Dominick Barlow already has the work ethic it takes some NBA players years to master.
“A lot of kids, you’ll have to beg them to come into the gym,” says Overtime Elite player development coach Pat Quinn. “I have to get Dom out of the gym.”
A former mid-major recruit who ranked far outside the top-100 prospects in his high school class this time last year, the Overtime Elite forward was a steady riser throughout the pre-draft process, opening eyes of NBA scouts and decision-makers at the NBA combine and in team workouts. Barlow never heard his name called on June 23rd, a minor shock to draft experts who believed his upside was at least worthy a second-round flier. After quickly signing a two-way contract with the San Antonio Spurs upon going undrafted, though, he's ready to get back to doing what he does best.
“I love competing,” Dominick Barlow tells ClutchPoints. “I want to compete against whoever it is, whether it’s a guy who’s not on the big board or a guy who’s in the lottery on the big board. I just want to compete against anybody, and just show how competitive I am.”

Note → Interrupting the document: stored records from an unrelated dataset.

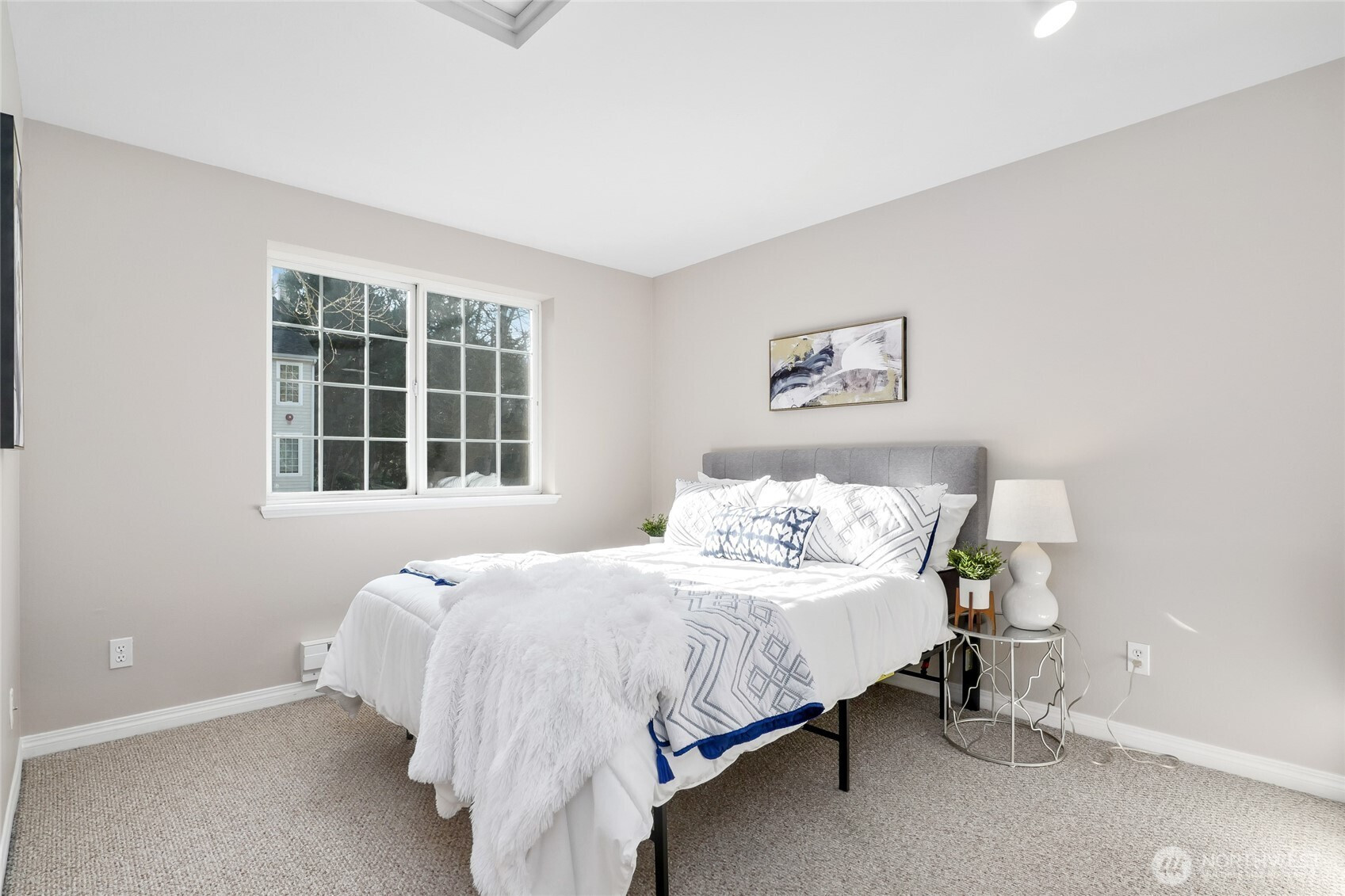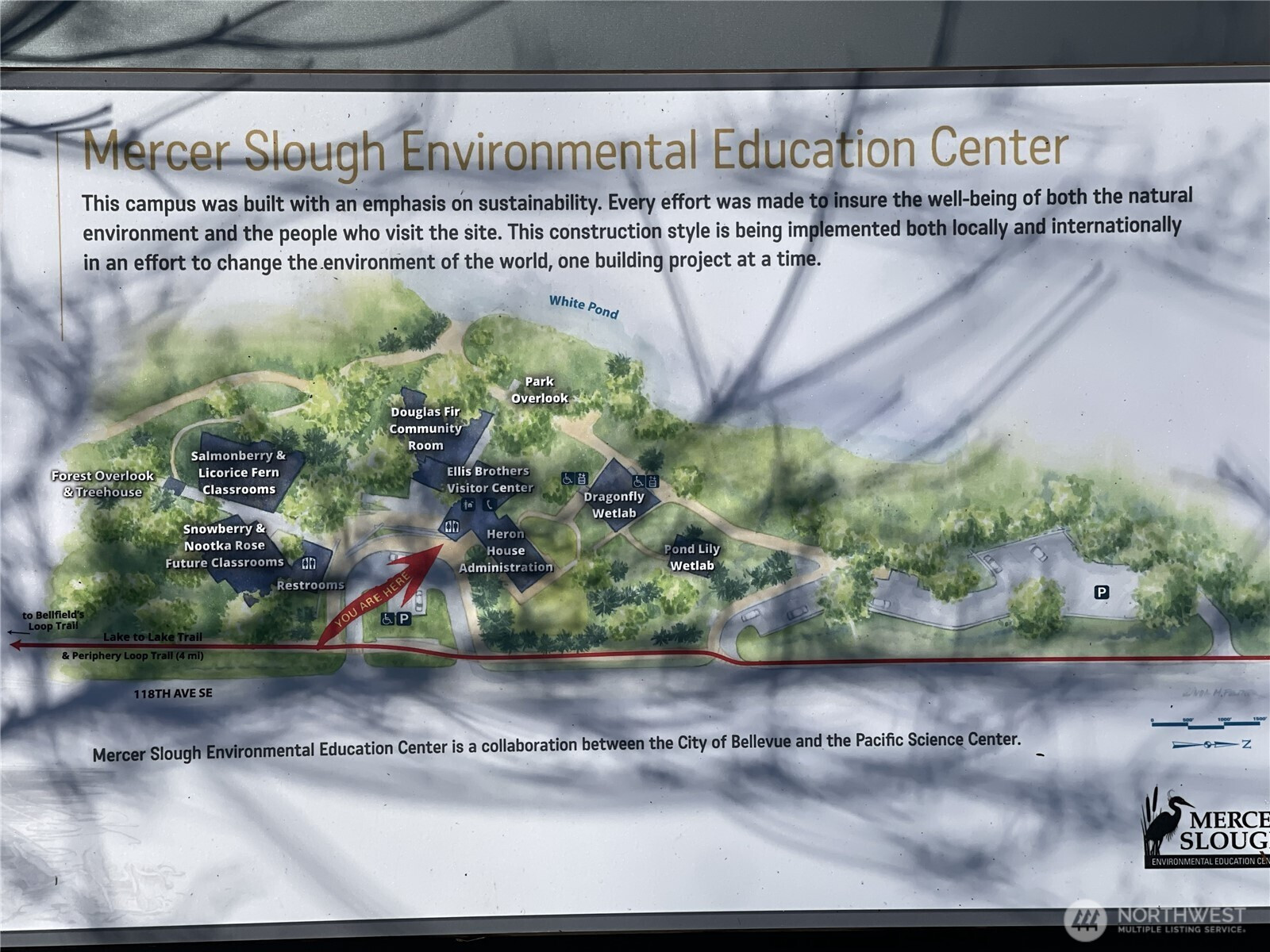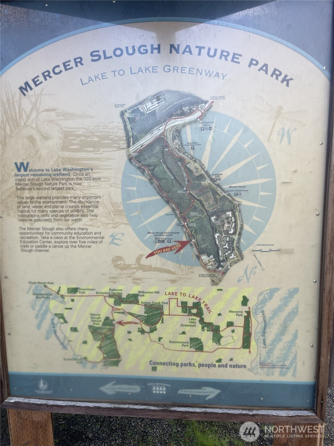 Bright and sunny top floor unit with vaulted ceilings. West facing deck overlooking the Mercer Environmental Center and wetlands. Well maintained home with many updates including kitchen and bathrooms. Individual garage and an uncovered parking space. Great location near downtown Bellevue with convenient access to I-405 & I-90. Across the street from the 329 acre Mercer Slough Nature Park a tranquil setting for walking, biking and observation. Backing to future Eastrail biking and hiking trail with EZ access to Downtown Bellevue and Link Rail, opening Fall 2026.
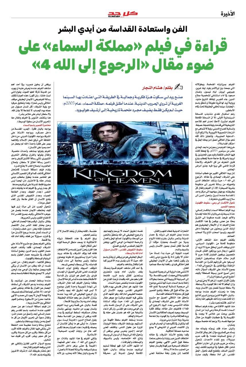 وفي الصفحة الأخيرة التي تشتبك مع المشهد الفني والثقافي يقدم رئيس مجلس تحرير المجلة الكاتب الصحفي هشام النجار مقال تحليلي نقدي بعنوان " الفن واستعادة القداسة من أيدي البشر " متخذ من فيلم " مملكة السماء " مدخل لقراءة فكرية على ضوء أفكار علي الشرفاء الحمادي حول التوحيد ونزع القداسة عن العنف .
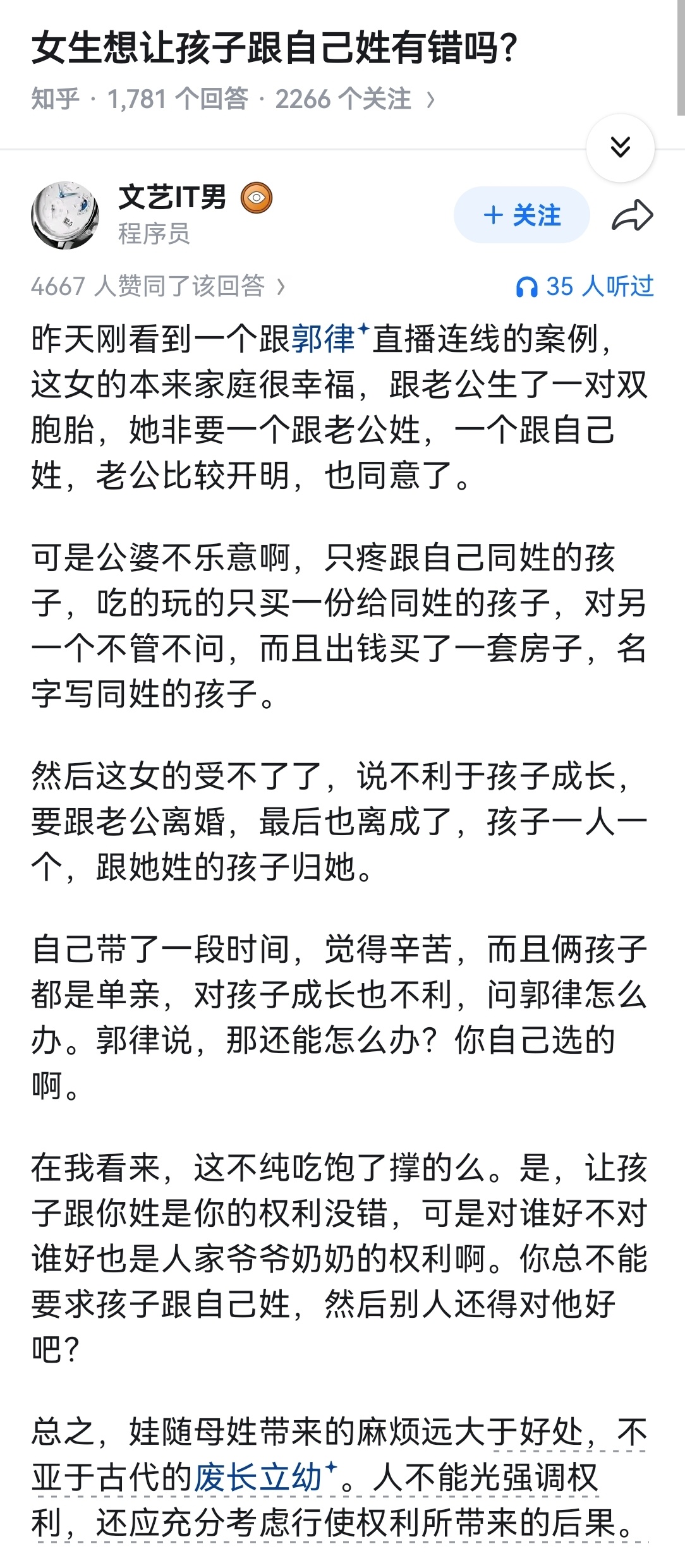 女生想让孩子跟自己姓有错吗?
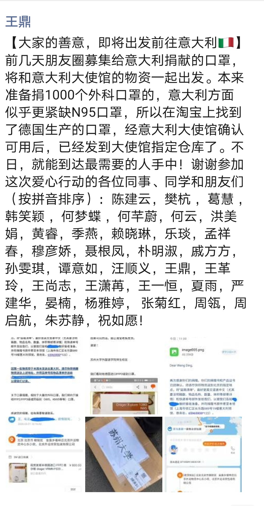與此同時,我校各位師生也密切關注著意大利的疫情動態并積極開展口罩募捐活動。外國語學院師生及畢業院友在日語系主任王鼎的大力發動下,自主自發地募集了一批N95防護口罩,這批口罩已通過意大利駐滬總領事館捐贈給威尼斯大學。
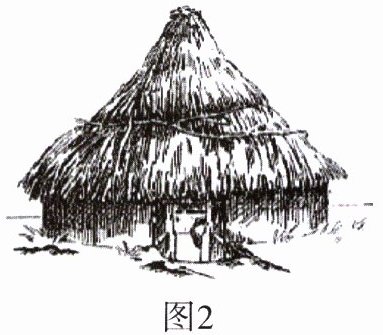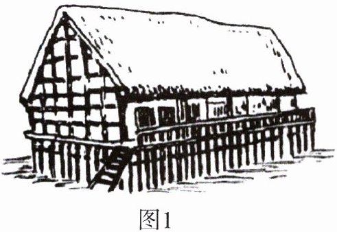 (1)图 1:河姆渡人的干栏式建筑;图 2:半坡人的半地穴式房屋。
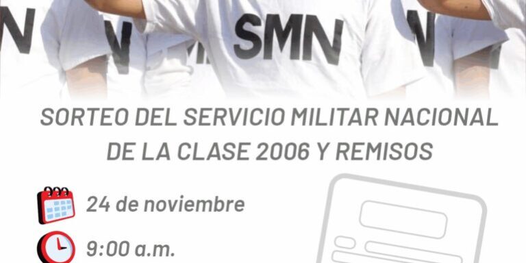 CUAUTLANCINGO, PUE. La Secretaría de Gobernación del Ayuntamiento de Cuautlancingo, en conjunto con el Campo Militar No. 25 A, “Cadete Vicente Suárez”, informa que el “Sorteo del Servicio Militar Nacional de la clase 2006 y remisos”, quienes fueron alistados durante el presente año en la Junta Municipal de Reclutamiento, será el 24 de Noviembre del 2024 a las 9:00 Hrs. en la Explanada Municipal.
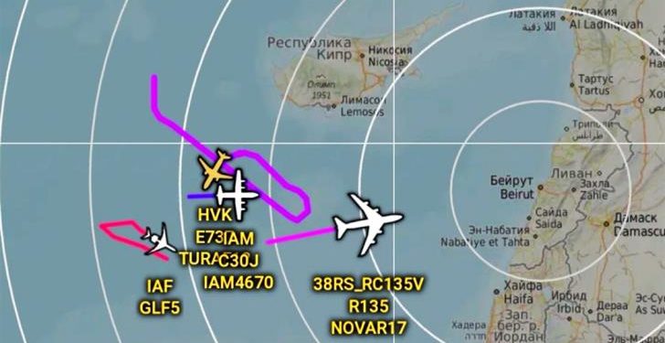Κατασκοπευτικά αεροπλάνα της Τουρκίας, των ΗΠΑ και του Ισραήλ συσσωρεύτηκαν το μεσημέρι και το απόγευμα της Κυριακής δυτικά και νοτιοδυτικά της Κύπρου και εντός του Fir Λευκωσίας. Το γεγονός δείχνει ότι υπάρχει ιδιαίτερη θαλάσσια δραστηριότητα στην περιοχή, την ίδια ώρα που το γαλλικό αεροπλανοφόρο Σαρλ Ντε Γκολ είχε ήδη δέσει στο λιμάνι Λεμεσού και άλλα πολεμικά πλοία στο λιμάνι Λάρνακας.
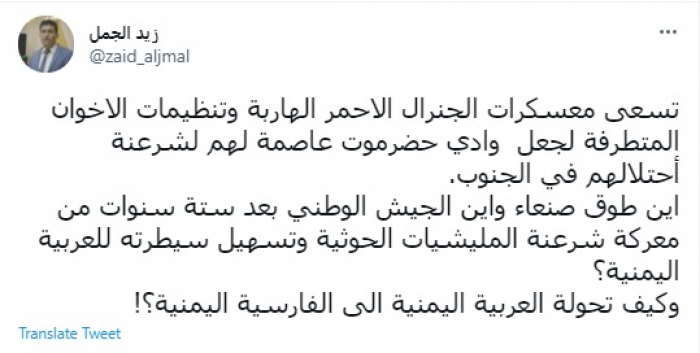 وكتب في تغريدة عبر "تويتر" رصدها "المشهد العربي": "تسعى معسكرات الجنرال الأحمر الهاربة وتنظيمات الإخوان المتطرفة لجعل وادي حضرموت عاصمة لهم لشرعنة احتلالهم في الجنوب".

But just because Barlow is stoically charging into his the next phase of his career amid that draft disappointment hardly means the physical and mental grind needed to overcome obstacles always came easy—let alone on the type of court normally reserved for future NBA players.
Back in late 2020, before running away with North Jersey’s High School Player of the Year honors, Barlow prepared for his delayed senior season at Dumont High School by training in frigid winter temperatures at a local park. He shoveled snow off the blacktop on many mornings, clearing just enough space to tighten his handle, hone his jumper and forge the confidence needed to emerge as one of this draft’s preeminent sleepers.
“Man, it was brutal. Playing basketball outside in the winter—it was very, very cold,” Barlow says. “I usually had a couple friends with me, so it wasn’t like I was by myself. That would’ve made it a lot more difficult. But I mean, it was still tough. One pass comes and you jam your finger, you really don’t feel that. It was very tough.
“But I think mentally,” he says, “that really locks you in and makes playing a normal game super easy.”
Barlow certainly made prep competition look that way during his pandemic-shortened swan song at Dumont. He averaged 27.6 points, 17.0 rebounds, 3.1 assists and 2.6 blocks per game as a senior, carrying the Huskies to a 7-1 record.
But the nationwide attention such rapid, tangible development of his game deserved didn’t come for a few more months. When an uncommitted Barlow embarked on last summer’s AAU circuit with the New York Rens, area programs like Providence, Pittsburgh and Rutgers were the most prominent programs to have offered him a scholarship. Not for long.
By the time Peach Jam was finished in late July, the basketball world had finally recognized what the notably centered, self-reflective Barlow did during his dominant senior season with Dumont.
“I was just as good as everybody else, but people didn’t really see me because of COVID,” he says. “I put a lot of work in during the winter time getting ready, because I knew how big Peach Jam was. I just think mentally I was checked in a lot more than some other people. I was taking games super seriously. I knew that college coaches were watching, and I knew that this was my opportunity to show what I could do and put myself on a national rank. That’s what I did.”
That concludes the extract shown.